Reputation: 12112
I have a directory structured like so:
temp/Tweets/userId123/Tweets.csv
temp/Tweets/userId456/Tweets.csv
temp/Tweets/userId789/Tweets.csv
temp/Mentions/userId123/Mentions.csv
temp/Mentions/userId456/Mentions.csv
temp/Mentions/userId789/Mentions.csv
.
.
.
The data is structured by the type of data entity, I want to restructure it by the user, like so:
final/userId123/Tweets.csv
final/userId123/Mentions.csv
.
.
final/userId456/Tweets.csv
final/userId456/Mentions.csv
.
.
I've been looking around on google/StackOverflow/Spark docs, but haven't seen a way to do this, but I think there should be a way to modify the directory structure. How can I do this?
Upvotes: 1
Views: 1996
Reputation: 61666
You have the possibility to use the hadoop.fs.FileSystem
API from Scala (or Python or Java - here I'll use Scala):
import org.apache.hadoop.conf.Configuration
import org.apache.hadoop.fs.{FileSystem, Path}
First, let's define a way to list userids hdfs folders:
def listFolderNamesInFolder(hdfsPath: String): List[String] =
FileSystem
.get(new Configuration())
.listStatus(new Path(hdfsPath))
.flatMap(status => if (!status.isFile) Some(status.getPath.getName) else None)
.toList
Then let's define two helpers to move hdfs files and create hdfs folders:
def moveFile(oldPath: String, newPath: String): Unit = {
val fileSystem = FileSystem.get(new Configuration())

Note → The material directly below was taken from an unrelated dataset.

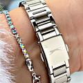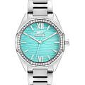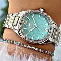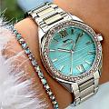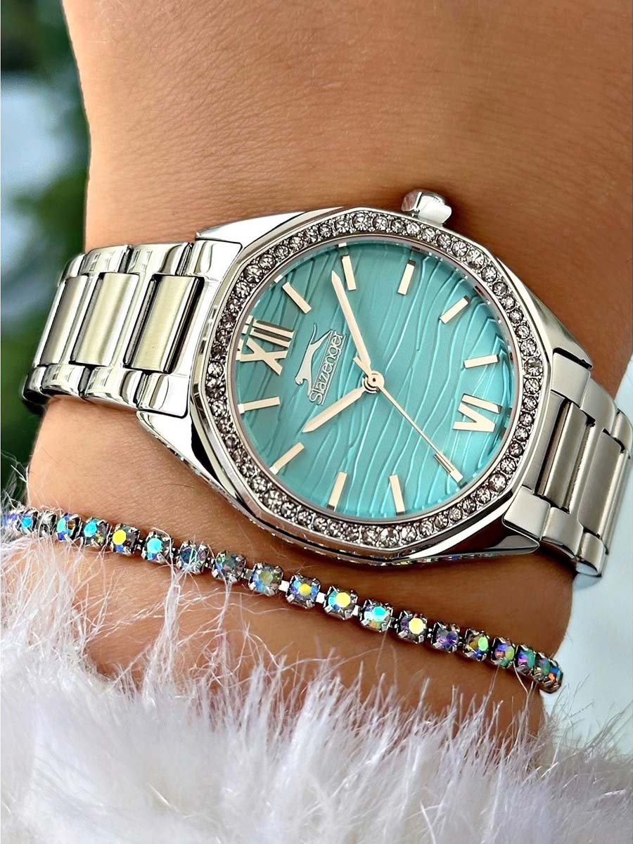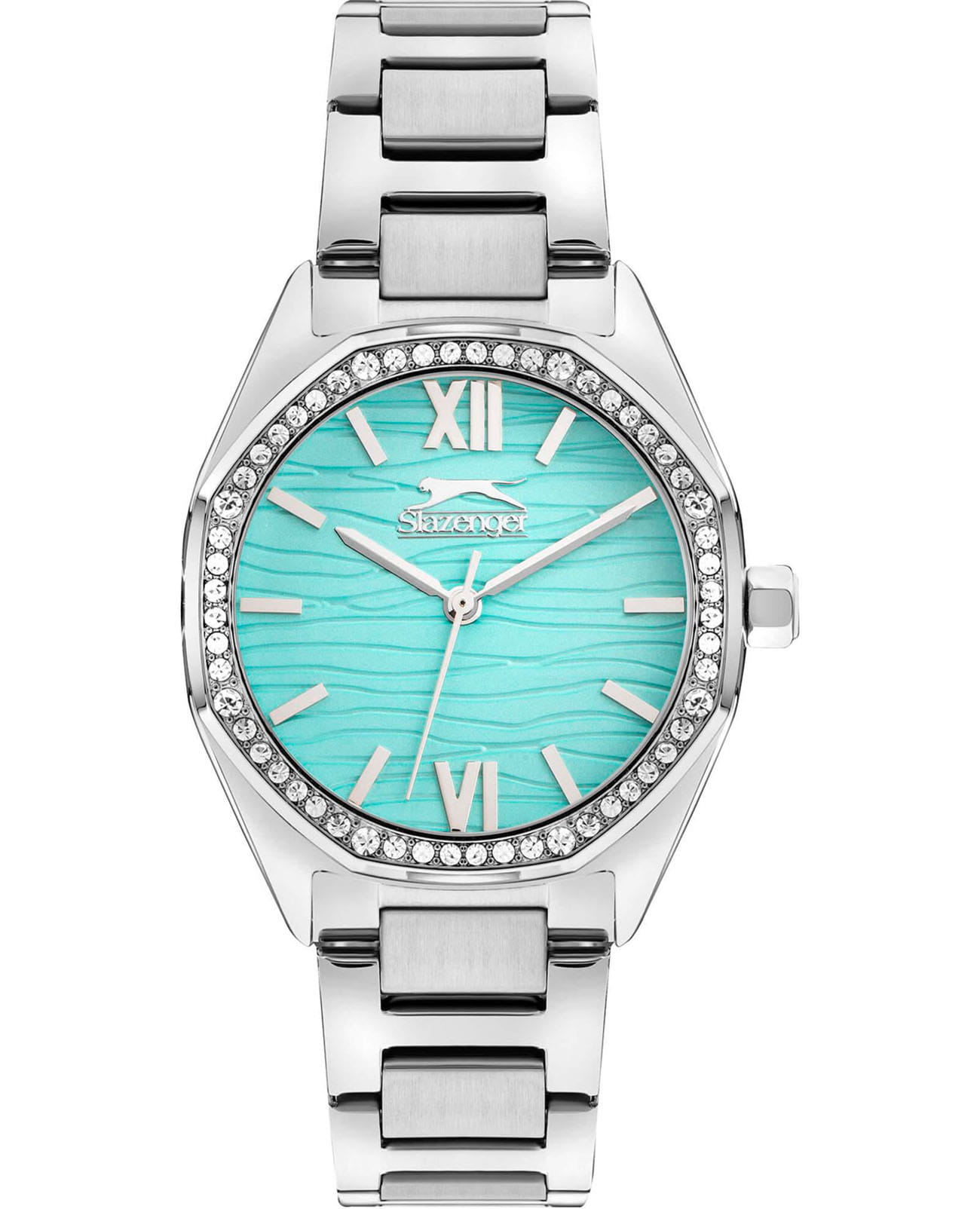 Женские кварцевые часы Slazenger SL.09.2301.3.01 — это элегантный и изысканный аксессуар, подчеркивающий стиль и утончённость. Корпус и браслет выполнены из суперметалла, защищён минеральным стекломМинеральное стеклоМинеральное стекло представляет собой искусственно выращенный минерал кварца. Такое стекло отличается особой устойчивостью к повреждениям и царапинам. Уступает по некоторым качествам сапфировому стеклу.. Циферблат мятного цвета с волнистым рельефным рисунком оформлен штриховыми метками и римскими цифрами VI и XII, дополнен логотипом бренда. Безель гранёный, украшен паве из фианитов, придающих модели изысканное сияние. Заводная головка — граненая, добавляющая детали дизайна. Браслет из суперметалла фиксируется на раскладной застёжкеРаскладная застёжкаТакой тип застёжки используется только на браслетах из металла. Она никогда не раскрывается полностью, происходит разделение на 2 и более частей. Раскладывающая застёжка снизит вероятность потери часов к минимуму., обеспечивая надёжность и комфорт ношения. Водонепроницаемость 30 м позволяет использовать часы в повседневных условиях, защищая от случайных брызг и капель дождя. Модель идеально подходит как для повседневного, так и для торжественного образа.

fileSystem.rename(new Path(oldPath), new Path(newPath))
}
def createFolder(hdfsPath: String): Unit =
FileSystem.get(new Configuration()).mkdirs(new Path(hdfsPath))
Finally, let's loop over each userid folder and move each Tweets, Mentions files to the associated final folder:
def moveTweetFiles(hdfsPath: String): Unit =
listFolderNamesInFolder(s"$hdfsPath/temp/Tweets").foreach {
case userid =>
createFolder(s"$hdfsPath/final/$userid")
moveFile(
s"$hdfsPath/temp/Tweets/$userid/Tweets.csv",
s"$hdfsPath/final/$userid/Tweets.csv")
}
def moveMentionsFiles(hdfsPath: String): Unit =
listFolderNamesInFolder(s"$hdfsPath/temp/Mentions").foreach {
case userid =>
createFolder(s"$hdfsPath/final/$userid")
moveFile(
s"$hdfsPath/temp/Mentions/$userid/Mentions.csv",
s"$hdfsPath/final/$userid/Mentions.csv")
}
If your hdfs root folder (the one which contains temp and final folders) is "src/test/resources" (the one I used to test):
moveTweetFiles("src/test/resources")
moveMentionsFiles("src/test/resources")
By the way: FileSystem is already embedded in Spark dependencies (no need to add additional dependencies).
This can be launched as a Spark job (spark-submit), even though we don't use any Spark pipeline; or probably just from the spark-shell.
Upvotes: 2